Cuando se reunió de nuevo conmigo en la playa repuesto ya por completo, 
dejó por un momento su artificiosa reserva británica y brotó su cálida 
naturaleza meridional, apabullándome con sus impetuosas muestras de afecto 
—exclamaba apasionadamente con la clásica exageración italiana, que en lo 
sucesivo su vida estaría a mi disposición— y afirmando que jamás volvería a 
ser feliz hasta encontrar la oportunidad de probar su gratitud rindiéndome un 
servicio tal que yo debiese recordar hasta el fin de mis días. 
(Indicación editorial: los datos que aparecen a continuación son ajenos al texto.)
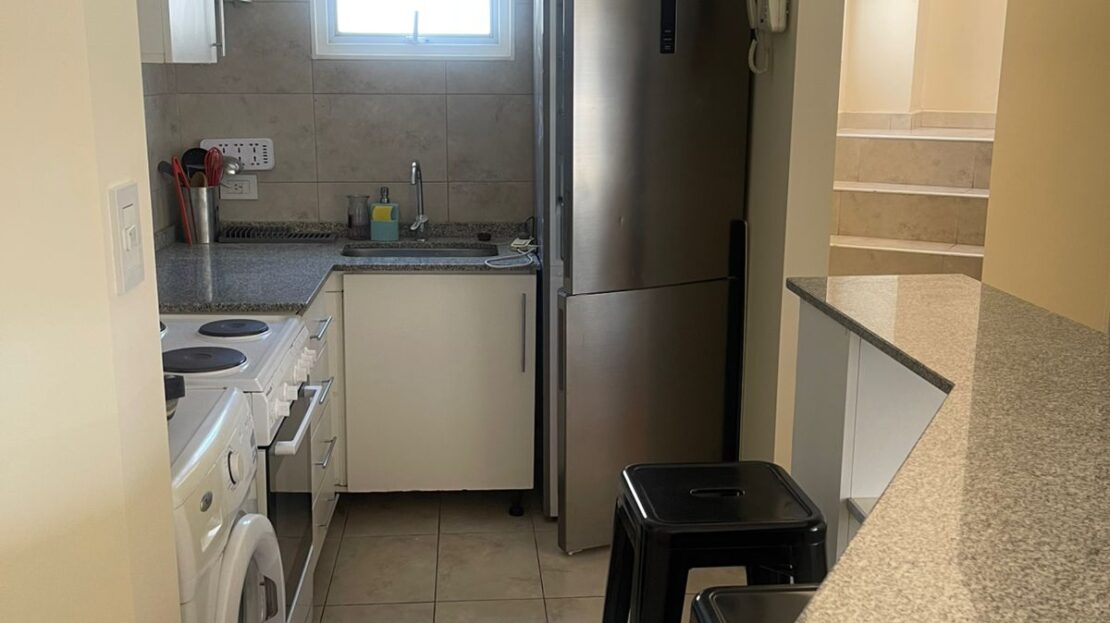 Amoblado y equipado . Cocina semi integrada con ventana al exterior. .

Hice cuanto pude para detener aquel torrente de lágrimas y 
manifestaciones de afecto, insistiendo en tratar aquel episodio 
humorísticamente; al final, como imaginaba, el sentimiento de obligación que 
sentía Pesca hacia mí fue atenuándose. ¡Poco pensaba yo entonces, —como 
tampoco lo pensé cuando acabaron nuestras alegres vacaciones— que la 
oportunidad de brindarme un servicio que tan ardientemente ansiaba mi 
agradecido amigo iba a llegar muy pronto, que él la aceptaría al momento y 
que con ello alteraría el curso de mi vida, cambiándome de tal modo que casi 
no era capaz de reconocerme a mí mismo tal como había sido en el pasado! 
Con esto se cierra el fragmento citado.